Excerpted records START
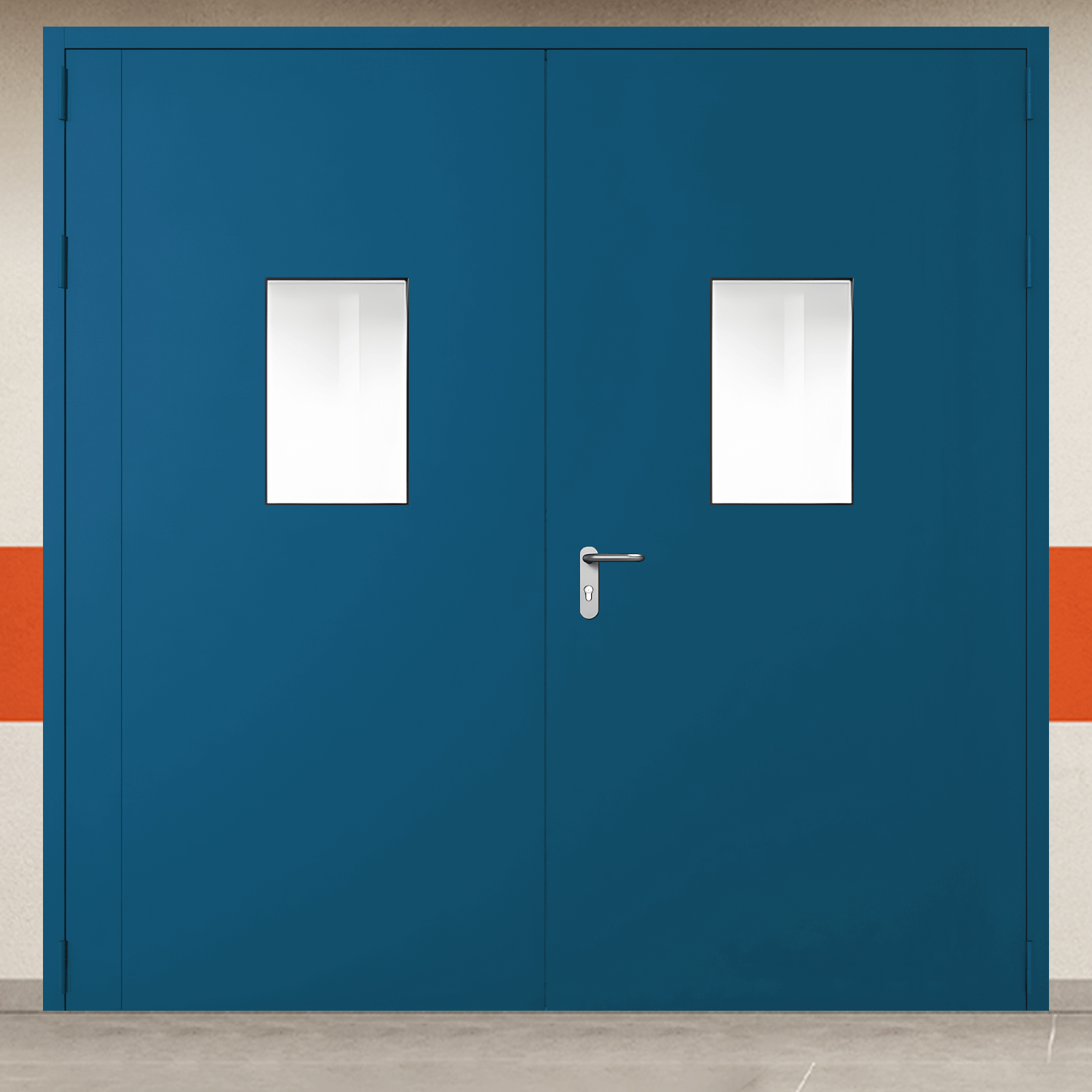 Профессиональное решение для обеспечения пожарной безопасности - ворота металлические двустворчатые синие с двумя окнами, блестящей ручкой с сертифицированными характеристиками надежности.
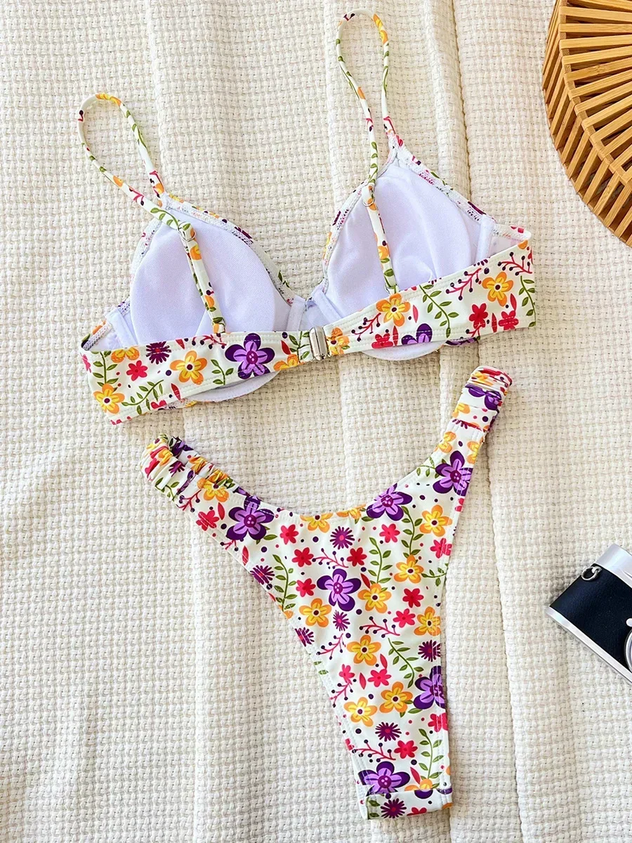 Flowers Printed Underwired High Cut Bikini Female Swimsuit Women Swimwear Two-pieces Bikini Set Triangle Bathing Suit Swim Lady
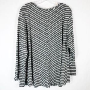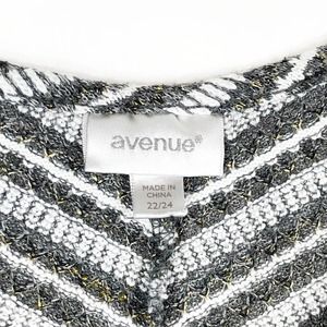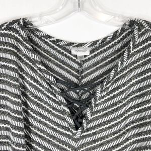 Avenue Plus Size 22 24 Sweater Top Gray Gold White Striped Lace Up V Neck 1272
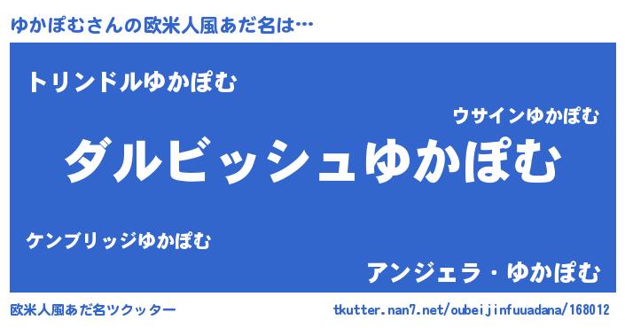 | 男性向けラノベタイトル風あだ名 | 『誰もが恐れるあのゆかぽむが、ぼくの専属メイドになるようです。』 |
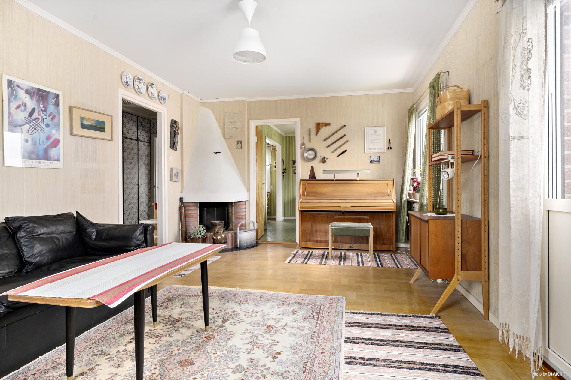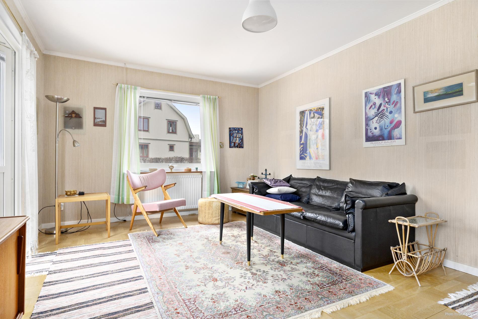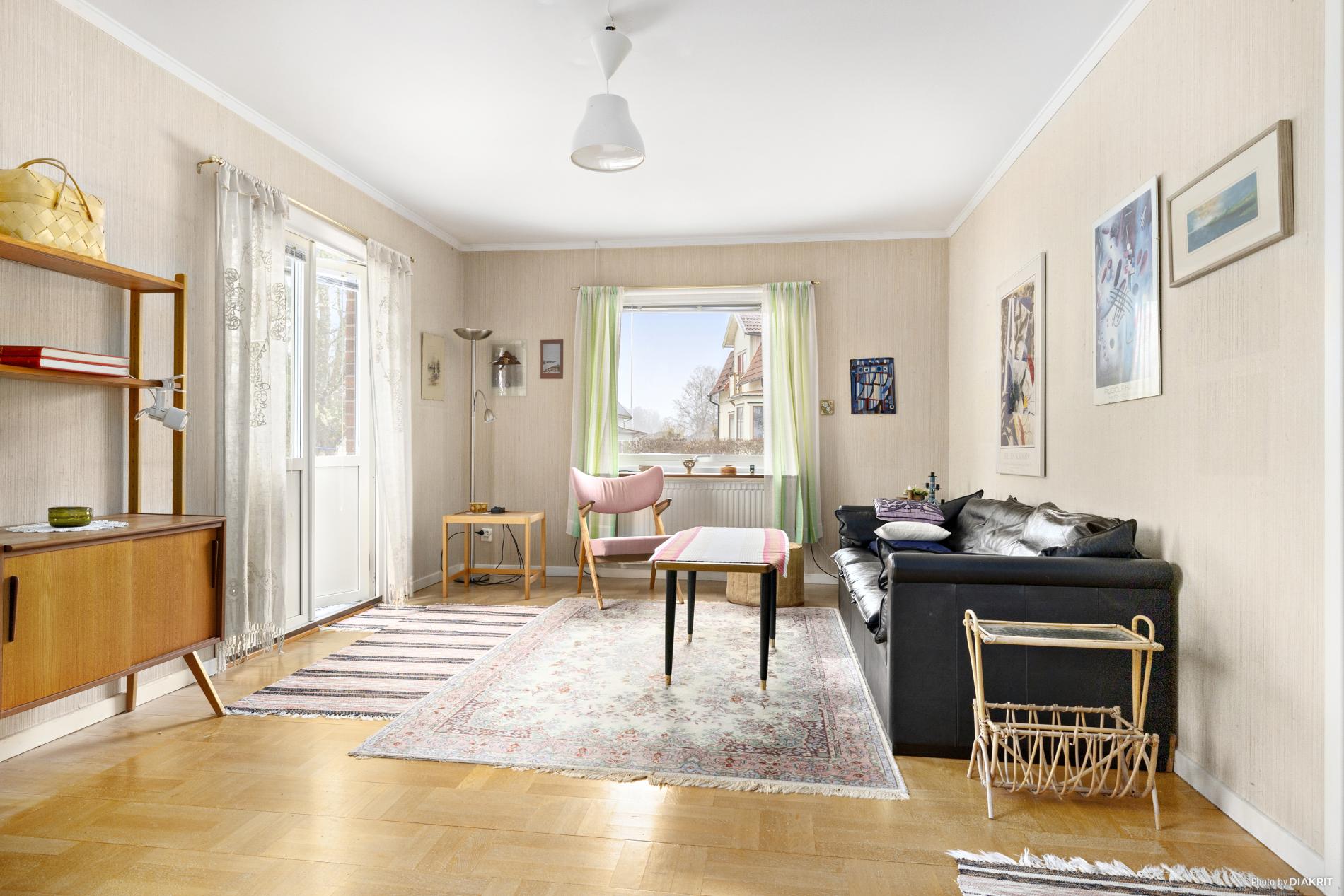 Vardagsrum med parkettgolv och tapetserade väggar.
Excerpted records END
*Work instructions*
If a picture appears among the records, leave it out, and otherwise reproduce exactly every line from the first line through the one with "Flowers Printed Underwired", both included.

*Solution below*
 Профессиональное решение для обеспечения пожарной безопасности - ворота металлические двустворчатые синие с двумя окнами, блестящей ручкой с сертифицированными характеристиками надежности.
 Flowers Printed Underwired High Cut Bikini Female Swimsuit Women Swimwear Two-pieces Bikini Set Triangle Bathing Suit Swim Lady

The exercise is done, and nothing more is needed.